- [Description of the task]
Only one span of the material below is wanted. Output it exactly, from the line with "Top sportivo traspirante" through the line with "From a Pharmacist", without any pictures.

- [Supplied entries]
——————
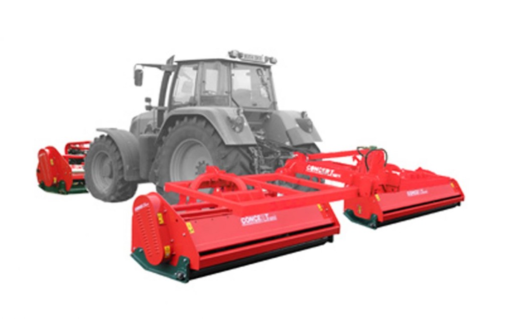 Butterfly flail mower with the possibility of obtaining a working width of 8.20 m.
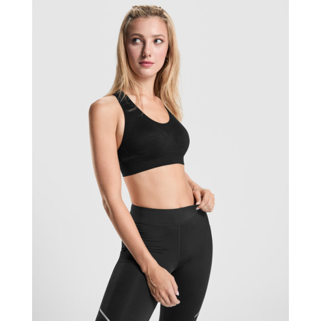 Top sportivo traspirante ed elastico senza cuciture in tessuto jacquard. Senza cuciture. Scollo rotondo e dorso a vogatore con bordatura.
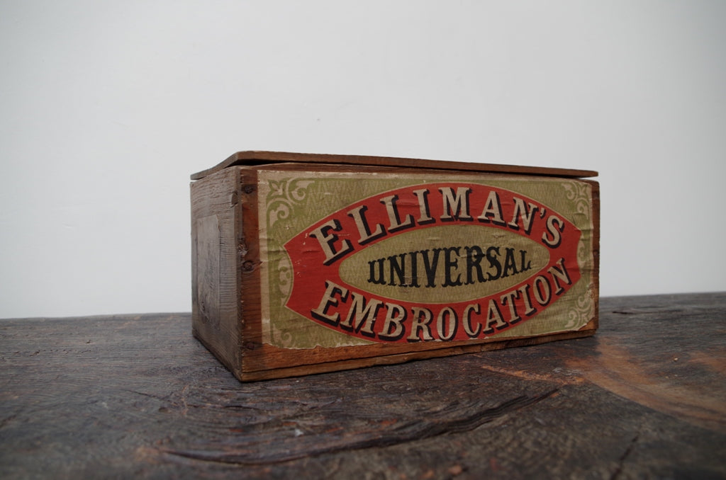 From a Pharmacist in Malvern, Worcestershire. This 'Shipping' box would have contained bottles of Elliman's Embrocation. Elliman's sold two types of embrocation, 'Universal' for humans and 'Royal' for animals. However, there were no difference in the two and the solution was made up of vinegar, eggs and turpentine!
——————
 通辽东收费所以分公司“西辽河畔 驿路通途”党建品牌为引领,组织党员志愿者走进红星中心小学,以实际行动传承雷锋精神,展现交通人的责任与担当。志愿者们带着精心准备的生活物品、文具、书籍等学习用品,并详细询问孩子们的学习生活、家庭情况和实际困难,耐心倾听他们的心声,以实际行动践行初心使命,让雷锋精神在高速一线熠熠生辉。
——————
- [Solution for this task]
 Top sportivo traspirante ed elastico senza cuciture in tessuto jacquard. Senza cuciture. Scollo rotondo e dorso a vogatore con bordatura.
 From a Pharmacist in Malvern, Worcestershire. This 'Shipping' box would have contained bottles of Elliman's Embrocation. Elliman's sold two types of embrocation, 'Universal' for humans and 'Royal' for animals. However, there were no difference in the two and the solution was made up of vinegar, eggs and turpentine!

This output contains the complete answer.